Dec 06, 2017 - 5:00 p.m. to 7:00 p.m.


Faculty Club of Columbia University Medical Center, Physicians & Surgeons Building, 630 W. 168th St., 4th Floor, New York, NY

For our December Narrative Medicine Rounds, we celebrate the extraordinary book Narrative in Social Work Practice: The Power and Possibility of Story by Ann Burack-Weiss, Lynn Sara Lawrence, and Lynne Bamat Mijangos, editors. The book features first-person accounts by social workers who have successfully integrated narrative theory and approaches into their practice. Contributors describe innovative interventions with a wide range of individuals, families, and groups facing a variety of life challenges. One author describes a family in crisis when a promising teenage girls suddenly takes to her bed for several years; another brings narrative practice to a Bronx trauma center; and another finds that poetry writing can enrich the lives of people living with dementia.

In some chapters, the authors turn narrative techniques inward and use them as vehicles of self discovery. Throughout, Narrative in Social Work Practice showcases the flexibility and appeal of narrative methods and demonstrates how they can be empowering and fulfilling for clients and social workers alike.

In the forward of the book, Rita Charon, Founder and Executive Director of Columbia’s Narrative Medicine Program, writes, “This book can transform social work practice.

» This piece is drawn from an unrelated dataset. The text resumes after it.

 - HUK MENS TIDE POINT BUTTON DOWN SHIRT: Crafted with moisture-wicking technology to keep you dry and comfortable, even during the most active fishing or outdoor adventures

It is both revolutionary in concept and loyal to social work traditions in spirit. It illuminates the social and personal dimensions that attract social workers to their work in the first place and proposes innovative ideas and methods that keep the practice forever new.”

Ann Burack-Weiss taught for thirty years at the Columbia University School of Social Work and is now associate faculty in Columbia’s Program in Narrative Medicine. She is the author of The Caregiver’s Tale: Loss and Renewal in Family Life (Columbia, 2006) and The Lioness in Winter: Writing an Old Woman’s Life (Columbia, 2015).

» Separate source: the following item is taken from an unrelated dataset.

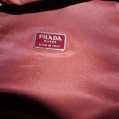 プラダのナイロン素材のリュック。高密度ナイロンなので、水の侵入を防いでくれることに加え、ナイロンとレッドブラウンのカラーがコーデに一癖つけてくれること間違いなしです。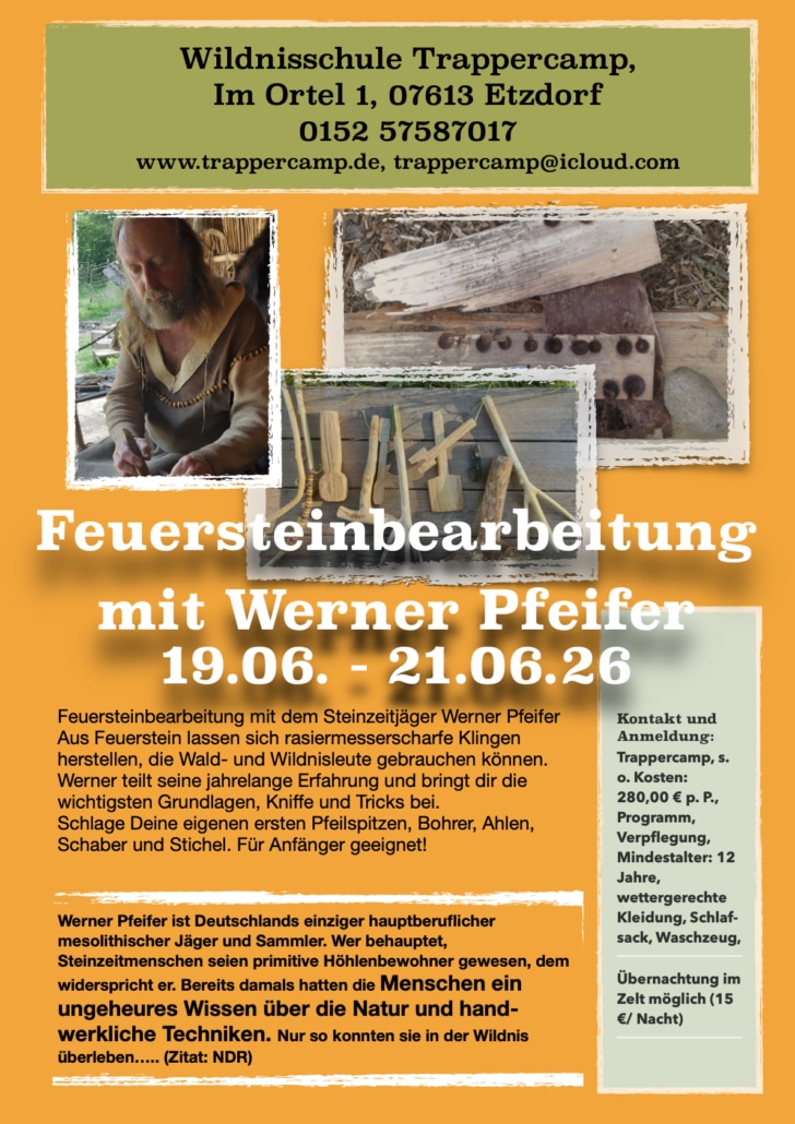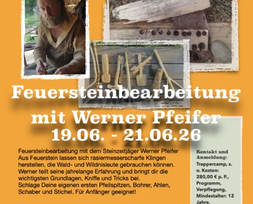 Aus Flint oder auch Feuerstein lassen sich rasiermesserscharfe Klingen herstellen die zu vielerlei weiteren nützlichen Gegenständen für Wald- und Wildnisleute geeignet sind, wie Messer, Pfeil- und Speerspitzen, Ahle, Bohrer, Stichel, Schaber, Beil und Multitool. Werner teilt seine jahrelange Erfahrung und bringt dir die wichtigsten Grundlagen, Kniffe und Tricks bei.

Lynn Sara Lawrence is a practicing psychotherapist in New York City. She has taught at the New York School for Psychoanalytic Psychotherapy and Psychoanalysis, and has contributed to Smith College Studies in Social Work and Psychoanalytic Social Work.

Lynne Bamat Mijangos is practicum supervisor for the Program in Narrative Medicine at Columbia University. She is the author of Baby Girl Mijangos (2004) and is a contributor to Virginia Woolf Miscellany.

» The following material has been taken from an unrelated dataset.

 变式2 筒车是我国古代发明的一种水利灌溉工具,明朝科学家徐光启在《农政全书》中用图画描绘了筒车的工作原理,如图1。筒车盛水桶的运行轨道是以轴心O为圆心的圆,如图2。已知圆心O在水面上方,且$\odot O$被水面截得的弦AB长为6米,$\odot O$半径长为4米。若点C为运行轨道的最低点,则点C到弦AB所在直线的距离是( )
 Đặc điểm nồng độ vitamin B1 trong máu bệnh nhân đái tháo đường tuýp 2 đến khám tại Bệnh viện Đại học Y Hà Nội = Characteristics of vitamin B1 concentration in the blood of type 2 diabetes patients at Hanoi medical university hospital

Narrative Medicine Rounds are lectures or readings presented by scholars, clinicians, or writers engaged in work at the intersection of narrative and health care. Rounds are held on the first Wednesday of each month during the Spring and Fall terms from 5:00 to 7:00 p.m. and are followed by a reception. Rounds are free and open to the public; no RSVP is necessary. Students, staff, faculty, patients, friends, and interested others are warmly welcome to attend.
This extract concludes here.